The simplest method of sampling a population, is known as simple random sampling (sometimes abbreviated to “SRS”), and involves picking rows at random, one at a time, where each row has the same chance of being picked as any other.

To make it easier to see which rows end up in the sample, it’s helpful to include a row ID column in the dataset before you take the sample.

We’ll look at sampling methods using a synthetic (fictional) employee attrition dataset from IBM, where “attrition” means leaving the company.

# Load libraries
library(tidyr)
library(dplyr)
library(ggplot2)
library(fst)
library(tibble)

Load dataset attrition_pop

path_attr <- ruta_fst <- "C:/Users/JuanFer Mosquera/Documents/datasets/attrition.fst"
attrition_pop <- read_fst(path_attr)
colnames(attrition_pop)
 [1] "Age"                      "Attrition"                "BusinessTravel"           "DailyRate"                "Department"              
 [6] "DistanceFromHome"         "Education"                "EducationField"           "EnvironmentSatisfaction"  "Gender"                  
[11] "HourlyRate"               "JobInvolvement"           "JobLevel"                 "JobRole"                  "JobSatisfaction"         
[16] "MaritalStatus"            "MonthlyIncome"            "MonthlyRate"              "NumCompaniesWorked"       "OverTime"                
[21] "PercentSalaryHike"        "PerformanceRating"        "RelationshipSatisfaction" "StockOptionLevel"         "TotalWorkingYears"       
[26] "TrainingTimesLastYear"    "WorkLifeBalance"          "YearsAtCompany"           "YearsInCurrentRole"       "YearsSinceLastPromotion" 
[31] "YearsWithCurrManager"    
attrition_pop
set.seed(590497)
attrition_samp <- attrition_pop %>%
  # Add a row id column
  rowid_to_column() %>%
  # Get 200 rows using simple random sampling
  slice_sample(n = 200)

# View the attrition_samp dataset
attrition_samp

Systematic sample

One sampling method that avoids randomness is called systematic sampling. Here, you pick rows from the population at regular intervals.
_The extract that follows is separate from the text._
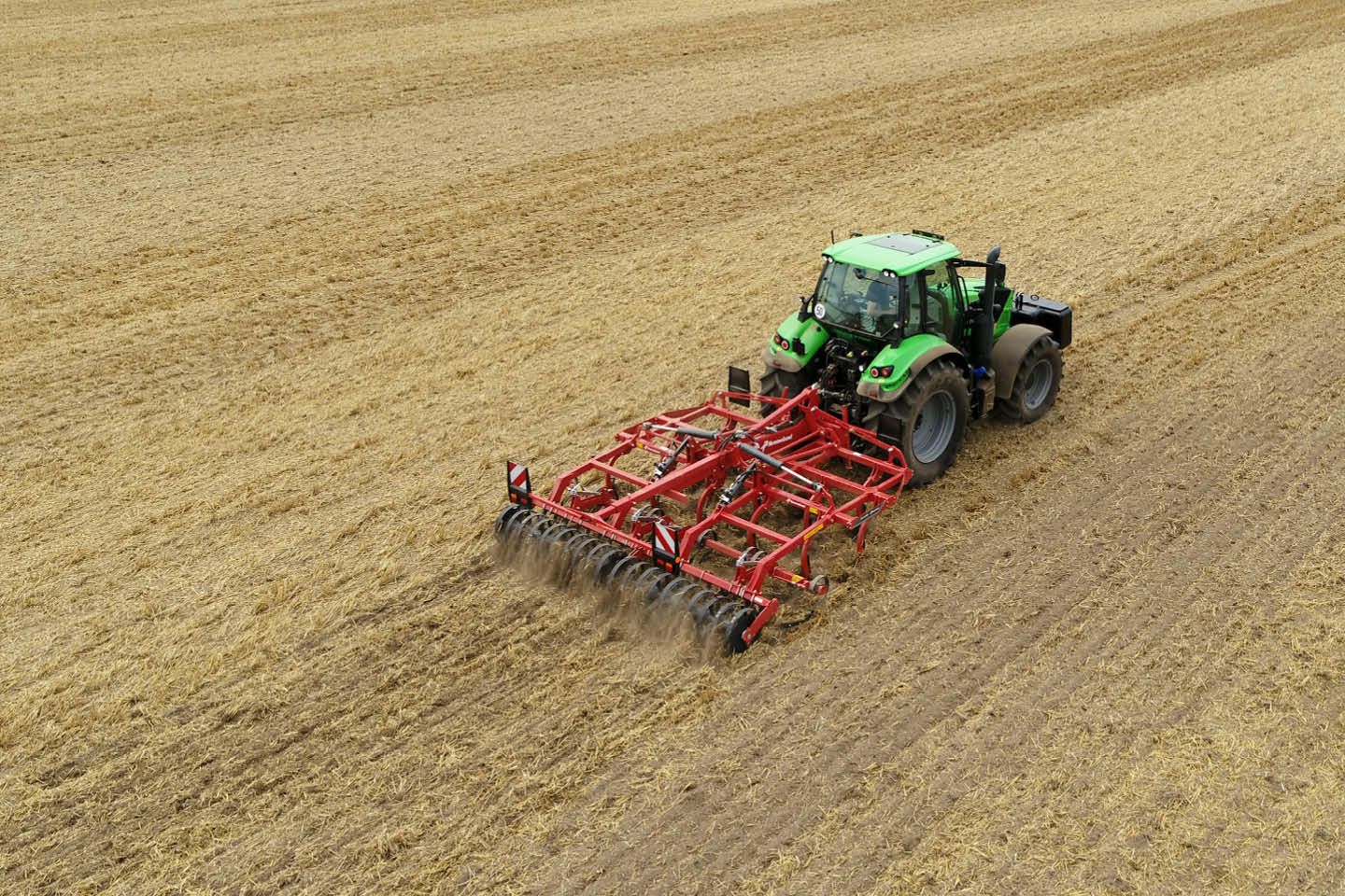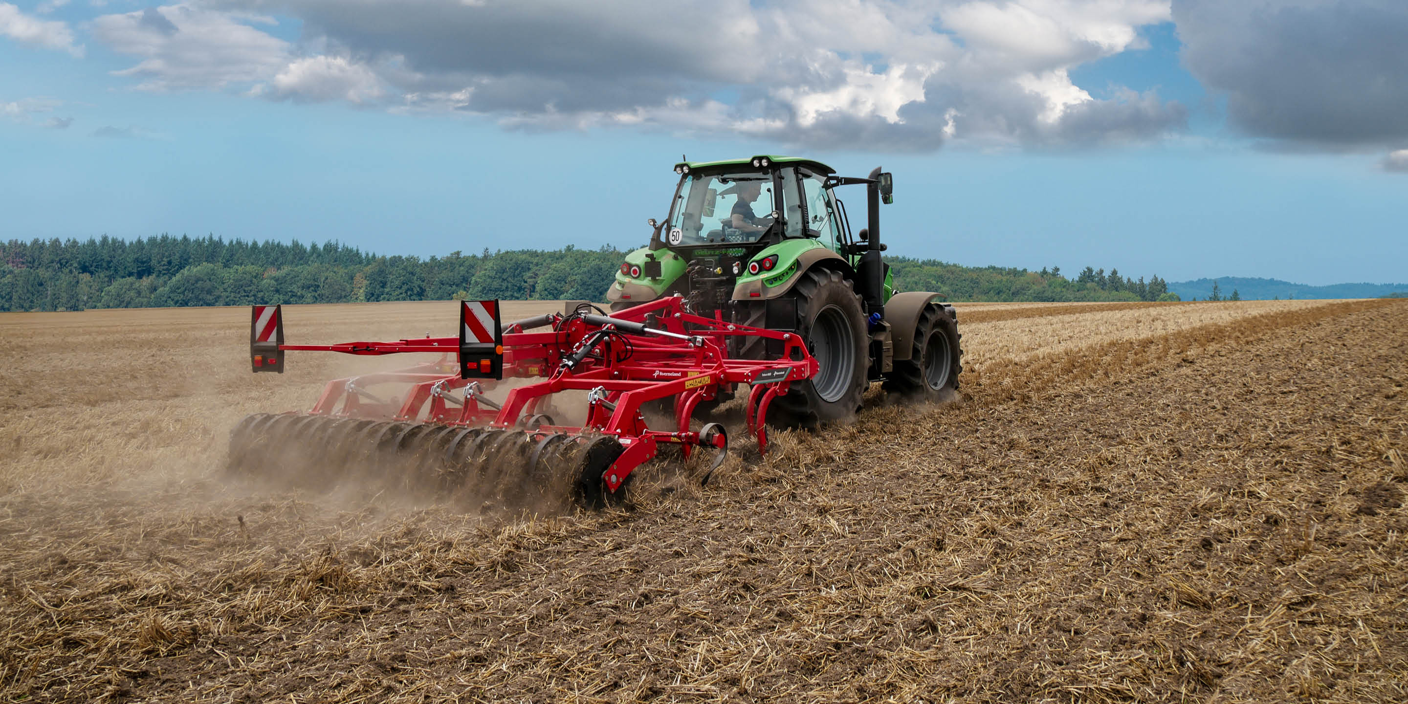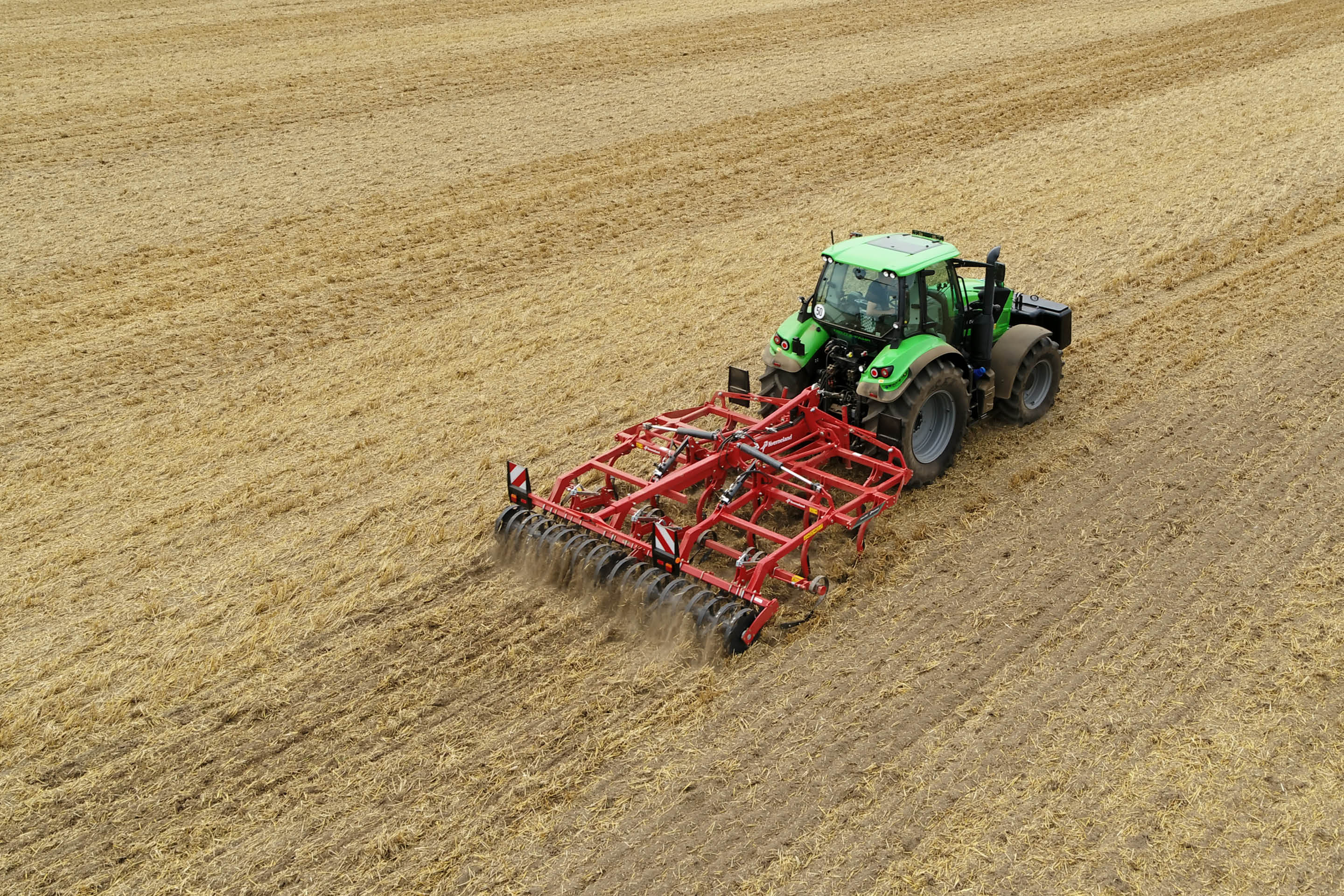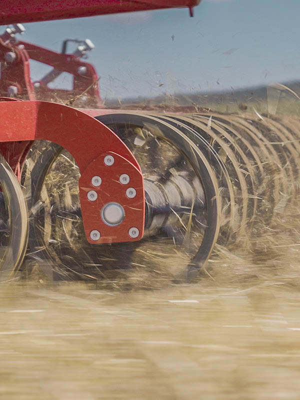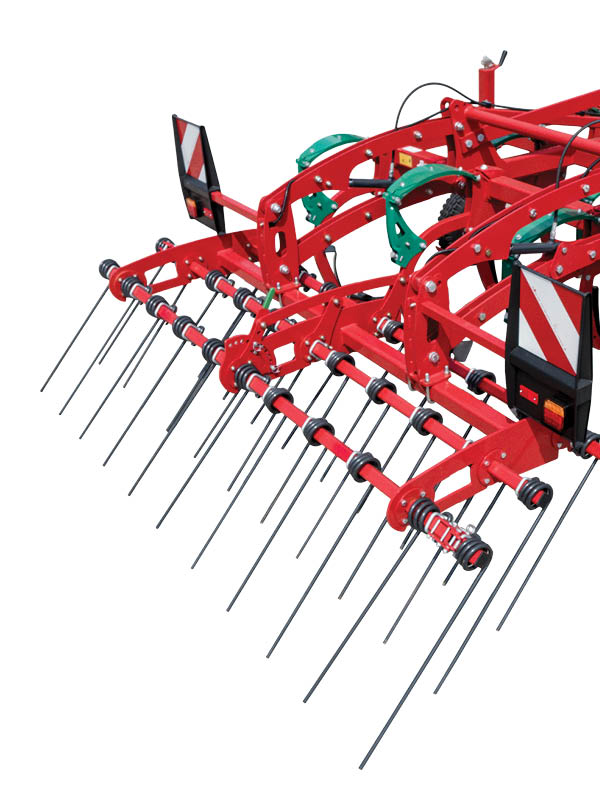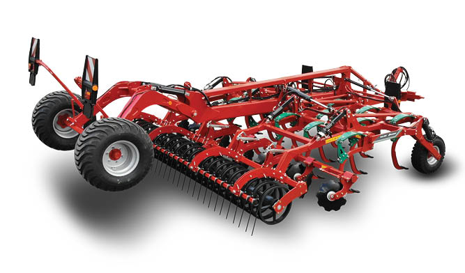 The foldable trailed versions offer working widths from 4.0–5.0 m without requiring high lifting capacity, while gauge wheels and hydraulically adjustable rear rollers ensure consistent ground adaptation and accurate depth control. Equipped with Triflex 700 tines and the Knock-on® system, operators can choose from seven share designs for fast, tool-free changes and quick adaptation between tasks.
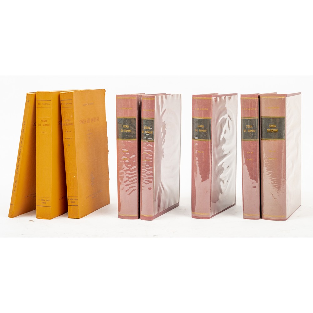 OTTO VOLUMI DI STORIA DEI ROMANI di Gaetano De Sanctis, ed. La Nuova Italia, Firenze 1956 – 1964. Opera completa in 8 volumi. Tre in brossura editoriale e cinque in legatura editoriale con acetato protettivo. Cm 25 x 17 (volumi in brossura) e 24 x 16 (volumi in legatura). La straordinaria e fondamentale opera monumentale sulla storia di Roma e dei suoi costumi. Pp. XII 445, XII 552, XV 420, XI 711, XVI 634, XII 376, VII 169, VIII 309. Alcuni volumi ancora intonsi.

For example, if the population dataset had \(1000\) rows and you wanted a sample size of five, you’d pick rows 200, 400, 600, 800, and 1000.

# Set the sample size
sample_size_atr <- 200

# Get the population size from attrition_pop
pop_size_atr <- nrow(attrition_pop)

# Calculate the interval
interval_atr <- pop_size_atr %/% sample_size_atr
# Get row indexes for the sample 
row_indexes_atr <- seq_len(sample_size_atr) * interval_atr

attrition_sys_samp <- attrition_pop %>%
  # Add a row id column
  rowid_to_column() %>%
  # Get 200 rows using systematic sampling
  slice(row_indexes_atr)

# View the results
attrition_sys_samp
NA

Is systematic sampling ok?

Systematic sampling has a problem: if the data has been sorted, or there is some sort of pattern or meaning behind the row order, then the resulting sample may not be representative of the whole population. The problem can be solved by shuffling the rows, but then systematic sampling is equivalent to simple random sampling.

Here you’ll look at how to determine whether or not there is a problem.

# Add a row ID column to attrition_pop
attrition_pop_id <- attrition_pop %>%
  rowid_to_column()

# Using attrition_pop_id, plot YearsAtCompany vs. rowid
ggplot(attrition_pop_id, aes(x = rowid, y = YearsAtCompany)) +
  # Make it a scatter plot
  geom_point() + 
  # Add a smooth trend line
  geom_smooth()

# Shuffle the rows of attrition_pop then add row IDs
attrition_shuffled <- attrition_pop %>%
  slice_sample(prop = 1) %>%
  rowid_to_column()

# Using attrition_shuffled, plot YearsAtCompany vs. rowid
attrition_shuffled %>%
  ggplot(aes(x = rowid, y = YearsAtCompany)) +
  geom_point() + 
  geom_smooth()

A systematic sample does not always produce a sample similar to a simple random sample.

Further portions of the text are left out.